In deze zaak heeft eiser op 27 februari 2024 beroep ingesteld tegen het niet-tijdig beslissen op zijn asielaanvraag, die op 5 september 2022 was ingediend. De rechtbank, zittende in Middelburg, heeft op basis van artikel 8:54, eerste lid, van de Algemene wet bestuursrecht (Awb) uitspraak gedaan zonder zitting. De rechtbank overweegt dat de staatssecretaris van Justitie en Veiligheid, als verweerder, op grond van artikel 42, eerste lid, van de Vreemdelingenwet 2000 (Vw) binnen zes maanden na ontvangst van de aanvraag een besluit moet nemen. Echter, in dit geval was er een uitzondering van toepassing omdat onderzocht werd of Nederland verantwoordelijk was voor de behandeling van de aanvraag op basis van de Dublinverordening.

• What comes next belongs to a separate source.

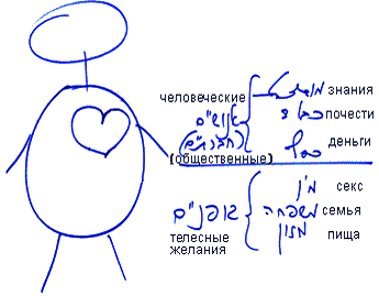 Мы говорим о процессе, который происходит с человеком в этом мире, мы не говорим о человеке в духовном смысле. Мы говорим о человеческом существе и о том, что происходит не с его телом, а с его желаниями, как это нарисовано на рисунке 7.

Eiser had op 28 februari 2023 een besluit ontvangen waarin zijn aanvraag niet in behandeling werd genomen, omdat Italië verantwoordelijk was. Op 18 juli 2023 werd eiser echter toegelaten tot de nationale asielprocedure, waardoor Nederland verantwoordelijk werd voor de behandeling van de aanvraag. De wettelijke beslistermijn van zes maanden eindigde op 18 januari 2024, maar door de inwerkingtreding van de WBV 2023/3 werd deze termijn verlengd met negen maanden, tot 18 oktober 2024.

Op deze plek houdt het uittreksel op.